* **Problem statement**
With pictures removed, the data below should be returned exactly.

* **Provided data**
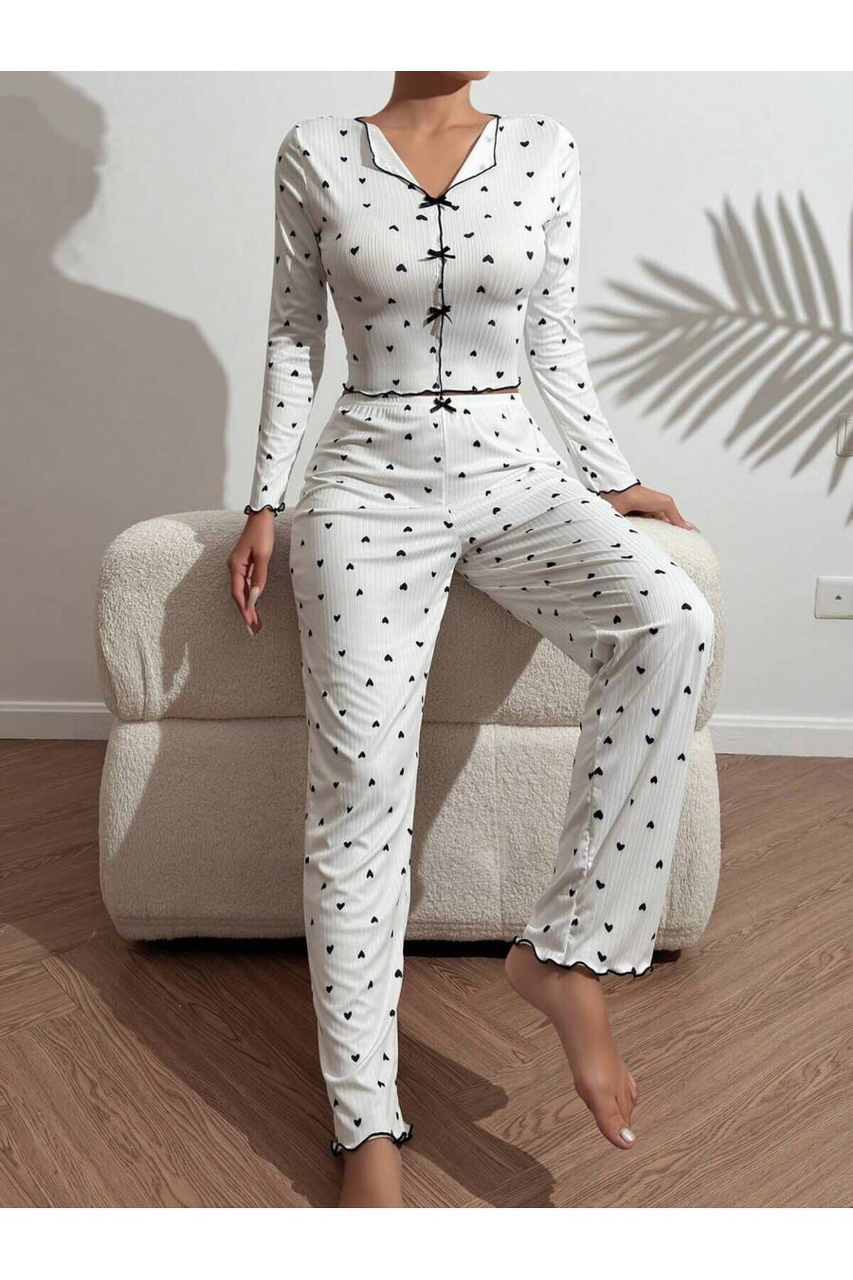 - Pamuklu kumaşı sayesinde gün boyu rahat bir kullanım sunar.; - V yaka tasarımı ile şık ve modern bir görünüm sağlar.; - Uzun kol ve bol paça kesimi, konforlu bir uyku deneyimi için idealdir.; - Lastikli bel yapısı sayesinde vücuda mükemmel uyum sağlar ve hareket özgürlüğü tanır.; - Örgü dokuma tipi, pijama takımına dayanıklılık ve yumuşaklık katar.; - Fiyonk detayları ile feminen dokunuşlar ekleyerek stilinizi tamamlar.; - 2 in 1 ürün tipi, pratik kullanım için hem üst hem de alt parçayı içerir.; - Tüm mevsimler için uygun olan bu takım, yılın her döneminde konforunuzdan ödün vermezsiniz.; - Homewear koleksiyonuna ait bu parça, evdeki rahatlığınızı artırır.; - Türkiye'de üretilen bu ürün, yerel ekonomiye destek olurken kaliteli bir deneyim sunar.; - Sürdürülebilirlik detayı ile çevre dostu bir seçim yapmış olursunuz.;- Pamuklu kumaşı sayesinde gün boyu rahat bir kullanım sunar.; - V yaka tasarımı ile şık ve modern bir görünüm sağlar.; - Uzun kol ve bol paça kesimi, konforlu bir uyku deneyimi için idealdir.; - Lastikli bel yapısı sayesinde vücuda mükemmel uyum sağlar ve hareket özgürlüğü tanır.; - Örgü dokuma tipi, pijama takımına dayanıklılık ve yumuşaklık katar.; - Fiyonk detayları ile feminen dokunuşlar ekleyerek stilinizi tamamlar.; - 2 in 1 ürün tipi, pratik kullanım için hem üst hem de alt parçayı içerir.; - Tüm mevsimler için uygun olan bu takım, yılın her döneminde konforunuzdan ödün vermezsiniz.; - Homewear koleksiyonuna ait bu parça, evdeki rahatlığınızı artırır.; - Türkiye'de üretilen bu ürün, yerel ekonomiye destek olurken kaliteli bir deneyim sunar.; - Sürdürülebilirlik detayı ile çevre dostu bir seçim yapmış olursunuz.;
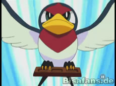 Rocko kocht aus seinen Resten eine leckere Suppe, als gerade der Schwarmführer der Schwalbinis auftaucht und Ash zu einem Kampf fordert. Klar, daß Ash mit seinem Pikachu annimmt.
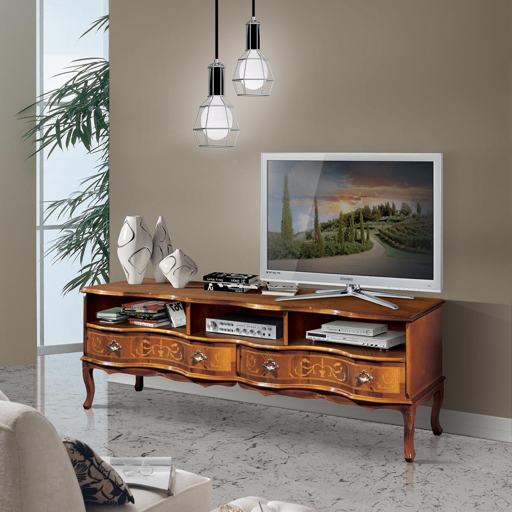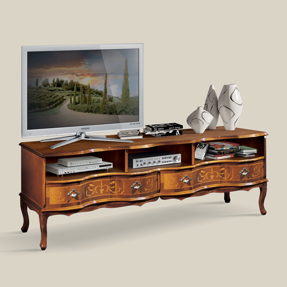 Classic-style wooden TV stand with compartments and drawers, Made in Italy.
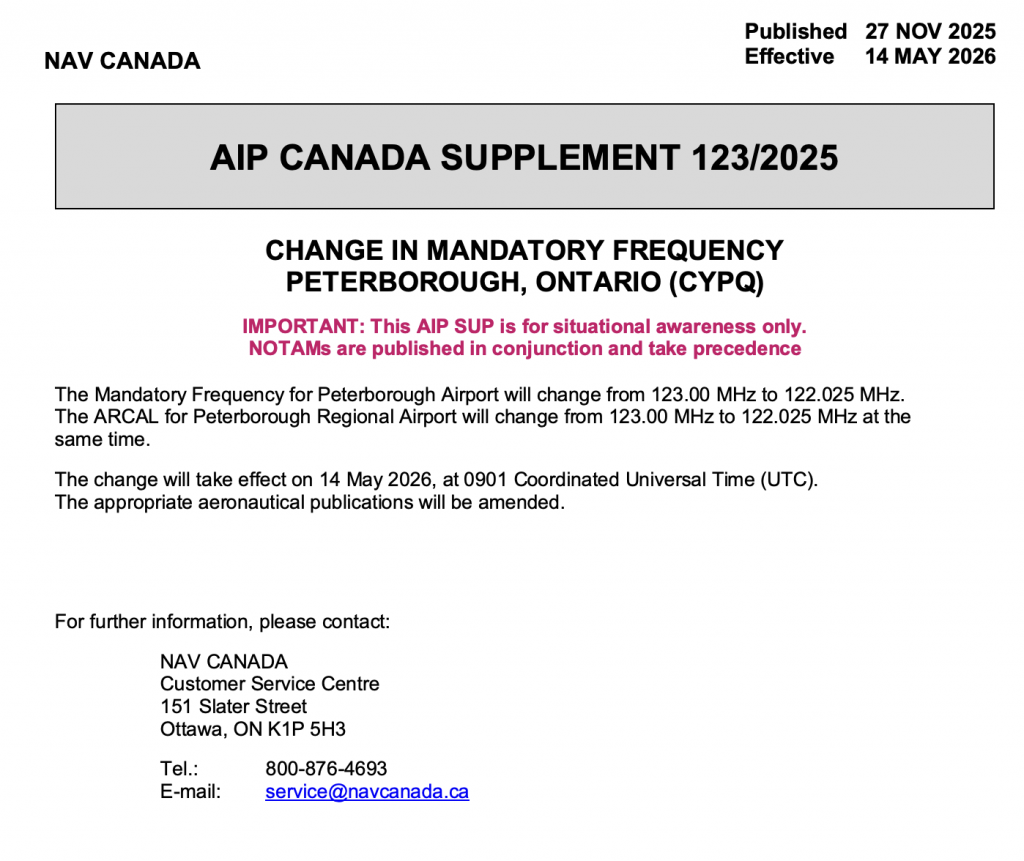 CHANGE IN MANDATORY FREQUENCY PETERBOROUGH, ONTARIO (CYPQ)
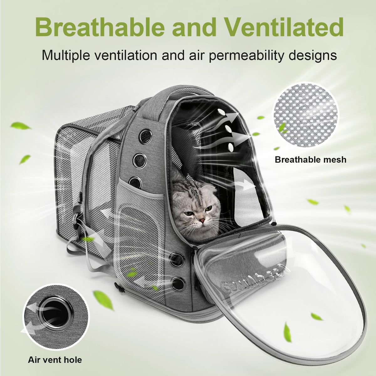 The Expandable Cat Carrier Backpack With Breathable Mesh Is The Ultimate Accessory For Pet Owners On The Go. Designed To Cater To Both Functionality And Style, This Versatile Cat Carrier Backpack Allows You To Take Your Feline Friend Anywhere With Ease. With Its Expandable Feature, This Cat Carrier Can Be Adjusted To Accommodate Cats Of Various Sizes Comfortably. Whether You Have A Small Kitten Or A Larger Adult Cat, This Carrier Ensures A Snug And Secure Fit For Your Furry Companion. No Need To Worry About Your Cat Feeling Cramped - They Will Have Plenty Of Space To Move Around And Stretch Their Legs. Featuring A Breathable Mesh Design, This Backpack Provides Excellent Airflow While Keeping Your Cat Safe And Secure. The Breathable Mesh Windows Not Only Allow Fresh Air To Circulate But Also Provide Your Beloved Pet With A View Of The Outside World, Reducing Anxiety During Travel. This Cat Carrier Backpack Also Features Multiple Entrances, Ensuring Easy Access For You And Your Cat. The Sturdy Construction Of This Pet Carrier Backpack Ensures Durability And Longevity. Crafted From High-Quality Materials, It Can Withstand Everyday Wear And Tear, Making It Perfect For Adventurous Trips Or Simply Running Errands. The Adjustable Padded Shoulder Straps Provide Enhanced Comfort, Allowing You To Carry Your Cat Effortlessly For Hours At A Time. Perfect For Hiking, Traveling, Or Even Just Strolling Around Town, This Expandable Cat Carrier Backpack Is The Ideal Choice For Pet Owners Seeking Convenience And Style. Its Sleek Design And Trendy Colors Make It A Fashionable Accessory That You And Your Cat Will Love. Say Goodbye To Traditional Carriers And Step Up Your Pet Transportation Game With This Innovative Cat Backpack Carrier. Whether You Call It An Expandable Cat Carrier, Cat Backpack, Or A Cat Bubble Backpack, This Product Is Designed To Meet All Your Pet-Carrying Needs. So Why Wait? Get Your Expandable Cat Carrier Backpack With Breathable Mesh Today And Start Exploring The World With Your Furry Friend.
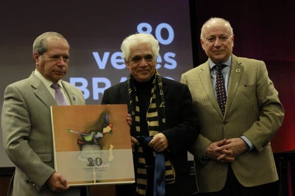 Para finalizar, el pintor y grabador Mario Toral, desde su hogar, envió un saludo muy especial a Roberto Bravo, dedicando de su puño y letra la portadilla del libro de Pablo Neruda «Veinte poemas de amor y una canción desesperada» ilustrado por el mismo Toral, obsequio que el presidente de la Junta Directiva, Dr. Patricio Silva, y el rector Santiago González le entregaron al maestro Bravo para honrar sus 80 años.
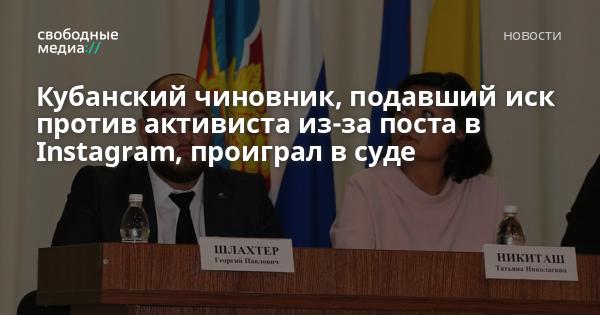 Советский суд Краснодара принял решение отказать в удовлетворении требований главы Новотаманского сельского поселения Темрюкского района Георгия Шлахтера к активисту и инстаграм-блогеру Сергею Пинягину, сообщил активист Свободным Медиа.
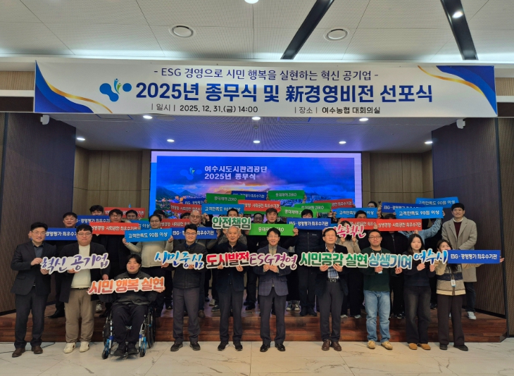 [무한뉴스=정민정 기자] 여수시도시관리공단은 31일 공단 대회의실에서 ‘新 경영비전 선포식’을 개최하고, 향후 5년간 공단이 나아갈 새로운 경영 철학과 조직 혁신 의지를 대내외에 공식적으로 밝혔다.
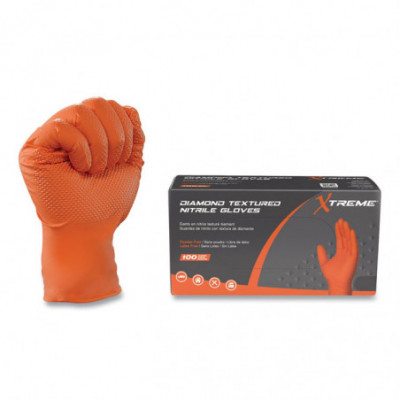 Xtreme by AMMEX® DT Industrial Nitrile Disposable Gloves are diamond textured for an enhanced grip on tools and machinery. Their hi-vis orange color stands out in dark environments to keep hands in plain sight. At 6 mils thick, Xtreme gloves resist punctures as well as permeation by chemicals. They are good for a variety of uses, from automotive to food processing, janitorial/sanitation to manufacturing and more.
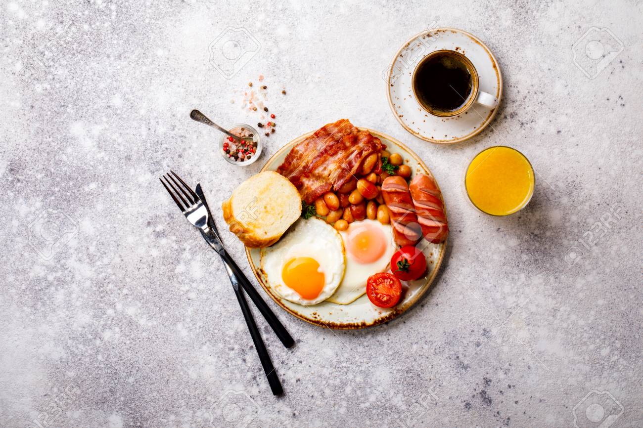 Immagini Stock Colazione Tradizionale Inglese Alimento Su Uova Di Pietra Salsicce Pancetta Fagioli Toast Caffe E Succo D Arancia Vista Dall Alto Image
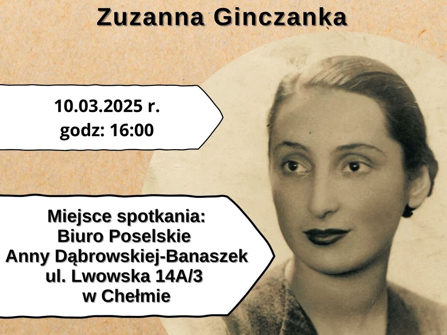Zuzanna Ginczanka była polską poetką żydowskiego pochodzenia, która żyła w latach 1917–1944. Uważana jest za jedną z najwybitniejszych poetek okresu dwudziestolecia międzywojennego. Jej poezja, pełna subtelności i głębokich przemyśleń, poruszała tematy uniwersalne, takie jak: miłość, samotność, ale także trudne doświadczenia związane z wojenną rzeczywistością. Jej wiersze, choć pisane w trudnych czasach, wciąż inspirują kolejne pokolenia czytelników. Spotkanie w Chełmie będzie nie tylko okazją do przypomnienia twórczości Ginczanki, ale także do refleksji nad jej życiem i postawą.
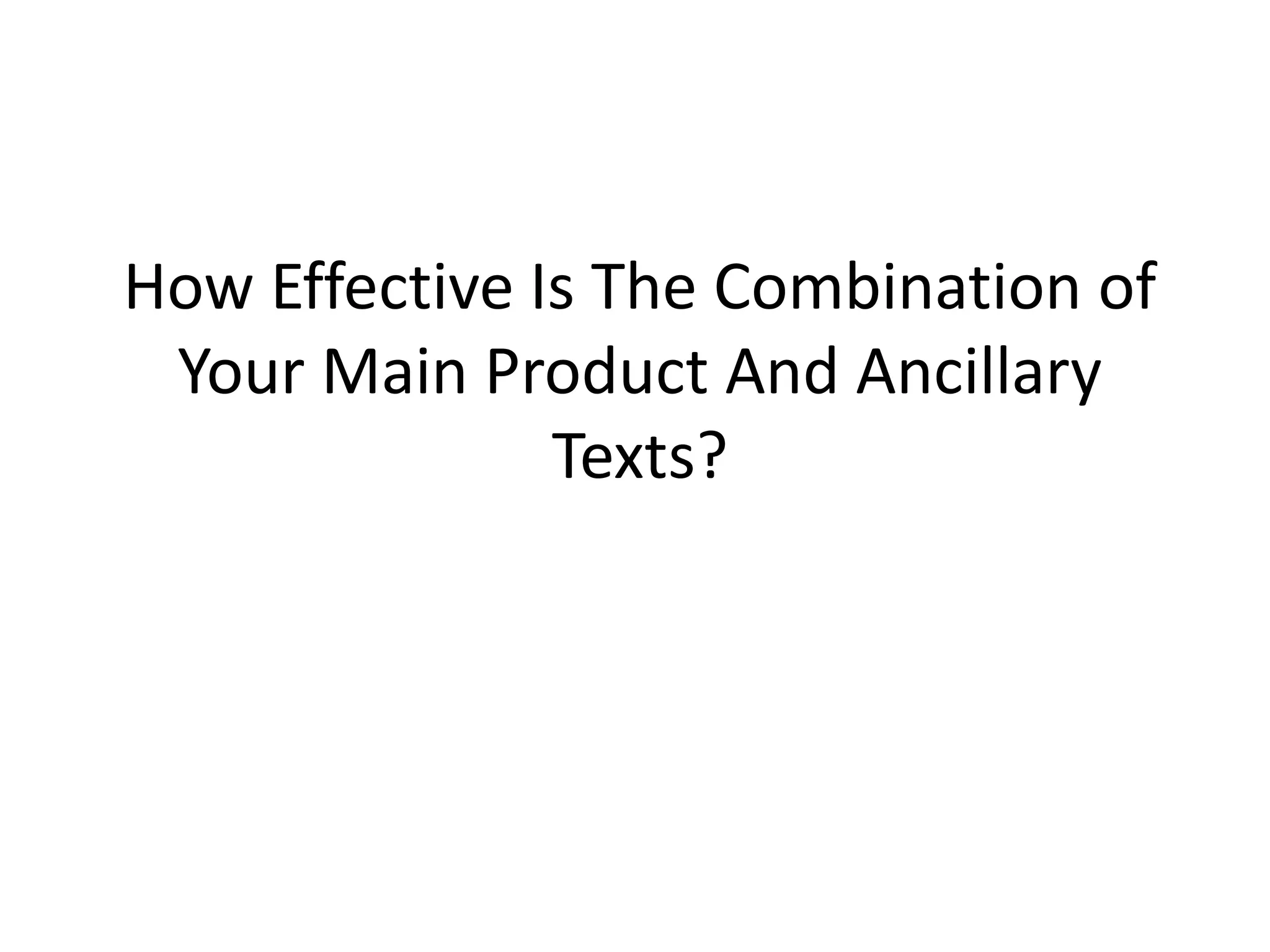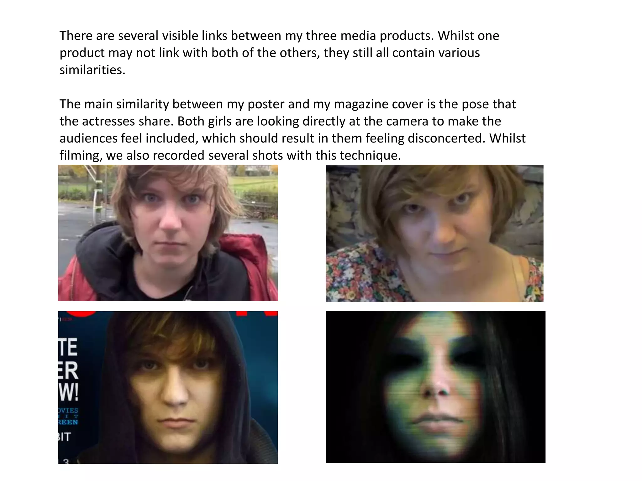 The document discusses the links and similarities between the main product and ancillary texts created by the author. There are similarities in posing of actresses, use of costumes to hide faces and create mystery, and use of the same font for the title in the poster and film trailer. Color schemes and use of logos are also linked between the products to consistently brand them and tie them together visually.

* **Response to this exercise**
 - Pamuklu kumaşı sayesinde gün boyu rahat bir kullanım sunar.; - V yaka tasarımı ile şık ve modern bir görünüm sağlar.; - Uzun kol ve bol paça kesimi, konforlu bir uyku deneyimi için idealdir.; - Lastikli bel yapısı sayesinde vücuda mükemmel uyum sağlar ve hareket özgürlüğü tanır.; - Örgü dokuma tipi, pijama takımına dayanıklılık ve yumuşaklık katar.; - Fiyonk detayları ile feminen dokunuşlar ekleyerek stilinizi tamamlar.; - 2 in 1 ürün tipi, pratik kullanım için hem üst hem de alt parçayı içerir.; - Tüm mevsimler için uygun olan bu takım, yılın her döneminde konforunuzdan ödün vermezsiniz.; - Homewear koleksiyonuna ait bu parça, evdeki rahatlığınızı artırır.; - Türkiye'de üretilen bu ürün, yerel ekonomiye destek olurken kaliteli bir deneyim sunar.; - Sürdürülebilirlik detayı ile çevre dostu bir seçim yapmış olursunuz.;- Pamuklu kumaşı sayesinde gün boyu rahat bir kullanım sunar.; - V yaka tasarımı ile şık ve modern bir görünüm sağlar.; - Uzun kol ve bol paça kesimi, konforlu bir uyku deneyimi için idealdir.; - Lastikli bel yapısı sayesinde vücuda mükemmel uyum sağlar ve hareket özgürlüğü tanır.; - Örgü dokuma tipi, pijama takımına dayanıklılık ve yumuşaklık katar.; - Fiyonk detayları ile feminen dokunuşlar ekleyerek stilinizi tamamlar.; - 2 in 1 ürün tipi, pratik kullanım için hem üst hem de alt parçayı içerir.; - Tüm mevsimler için uygun olan bu takım, yılın her döneminde konforunuzdan ödün vermezsiniz.; - Homewear koleksiyonuna ait bu parça, evdeki rahatlığınızı artırır.; - Türkiye'de üretilen bu ürün, yerel ekonomiye destek olurken kaliteli bir deneyim sunar.; - Sürdürülebilirlik detayı ile çevre dostu bir seçim yapmış olursunuz.;
 Rocko kocht aus seinen Resten eine leckere Suppe, als gerade der Schwarmführer der Schwalbinis auftaucht und Ash zu einem Kampf fordert. Klar, daß Ash mit seinem Pikachu annimmt.
 Classic-style wooden TV stand with compartments and drawers, Made in Italy.
 CHANGE IN MANDATORY FREQUENCY PETERBOROUGH, ONTARIO (CYPQ)
 The Expandable Cat Carrier Backpack With Breathable Mesh Is The Ultimate Accessory For Pet Owners On The Go. Designed To Cater To Both Functionality And Style, This Versatile Cat Carrier Backpack Allows You To Take Your Feline Friend Anywhere With Ease. With Its Expandable Feature, This Cat Carrier Can Be Adjusted To Accommodate Cats Of Various Sizes Comfortably. Whether You Have A Small Kitten Or A Larger Adult Cat, This Carrier Ensures A Snug And Secure Fit For Your Furry Companion. No Need To Worry About Your Cat Feeling Cramped - They Will Have Plenty Of Space To Move Around And Stretch Their Legs. Featuring A Breathable Mesh Design, This Backpack Provides Excellent Airflow While Keeping Your Cat Safe And Secure. The Breathable Mesh Windows Not Only Allow Fresh Air To Circulate But Also Provide Your Beloved Pet With A View Of The Outside World, Reducing Anxiety During Travel. This Cat Carrier Backpack Also Features Multiple Entrances, Ensuring Easy Access For You And Your Cat. The Sturdy Construction Of This Pet Carrier Backpack Ensures Durability And Longevity. Crafted From High-Quality Materials, It Can Withstand Everyday Wear And Tear, Making It Perfect For Adventurous Trips Or Simply Running Errands. The Adjustable Padded Shoulder Straps Provide Enhanced Comfort, Allowing You To Carry Your Cat Effortlessly For Hours At A Time. Perfect For Hiking, Traveling, Or Even Just Strolling Around Town, This Expandable Cat Carrier Backpack Is The Ideal Choice For Pet Owners Seeking Convenience And Style. Its Sleek Design And Trendy Colors Make It A Fashionable Accessory That You And Your Cat Will Love. Say Goodbye To Traditional Carriers And Step Up Your Pet Transportation Game With This Innovative Cat Backpack Carrier. Whether You Call It An Expandable Cat Carrier, Cat Backpack, Or A Cat Bubble Backpack, This Product Is Designed To Meet All Your Pet-Carrying Needs. So Why Wait? Get Your Expandable Cat Carrier Backpack With Breathable Mesh Today And Start Exploring The World With Your Furry Friend.
 Para finalizar, el pintor y grabador Mario Toral, desde su hogar, envió un saludo muy especial a Roberto Bravo, dedicando de su puño y letra la portadilla del libro de Pablo Neruda «Veinte poemas de amor y una canción desesperada» ilustrado por el mismo Toral, obsequio que el presidente de la Junta Directiva, Dr. Patricio Silva, y el rector Santiago González le entregaron al maestro Bravo para honrar sus 80 años.
 Советский суд Краснодара принял решение отказать в удовлетворении требований главы Новотаманского сельского поселения Темрюкского района Георгия Шлахтера к активисту и инстаграм-блогеру Сергею Пинягину, сообщил активист Свободным Медиа.
 [무한뉴스=정민정 기자] 여수시도시관리공단은 31일 공단 대회의실에서 ‘新 경영비전 선포식’을 개최하고, 향후 5년간 공단이 나아갈 새로운 경영 철학과 조직 혁신 의지를 대내외에 공식적으로 밝혔다.
 Xtreme by AMMEX® DT Industrial Nitrile Disposable Gloves are diamond textured for an enhanced grip on tools and machinery. Their hi-vis orange color stands out in dark environments to keep hands in plain sight. At 6 mils thick, Xtreme gloves resist punctures as well as permeation by chemicals. They are good for a variety of uses, from automotive to food processing, janitorial/sanitation to manufacturing and more.
 Immagini Stock Colazione Tradizionale Inglese Alimento Su Uova Di Pietra Salsicce Pancetta Fagioli Toast Caffe E Succo D Arancia Vista Dall Alto Image
Zuzanna Ginczanka była polską poetką żydowskiego pochodzenia, która żyła w latach 1917–1944. Uważana jest za jedną z najwybitniejszych poetek okresu dwudziestolecia międzywojennego. Jej poezja, pełna subtelności i głębokich przemyśleń, poruszała tematy uniwersalne, takie jak: miłość, samotność, ale także trudne doświadczenia związane z wojenną rzeczywistością. Jej wiersze, choć pisane w trudnych czasach, wciąż inspirują kolejne pokolenia czytelników. Spotkanie w Chełmie będzie nie tylko okazją do przypomnienia twórczości Ginczanki, ale także do refleksji nad jej życiem i postawą.
 The document discusses the links and similarities between the main product and ancillary texts created by the author. There are similarities in posing of actresses, use of costumes to hide faces and create mystery, and use of the same font for the title in the poster and film trailer. Color schemes and use of logos are also linked between the products to consistently brand them and tie them together visually.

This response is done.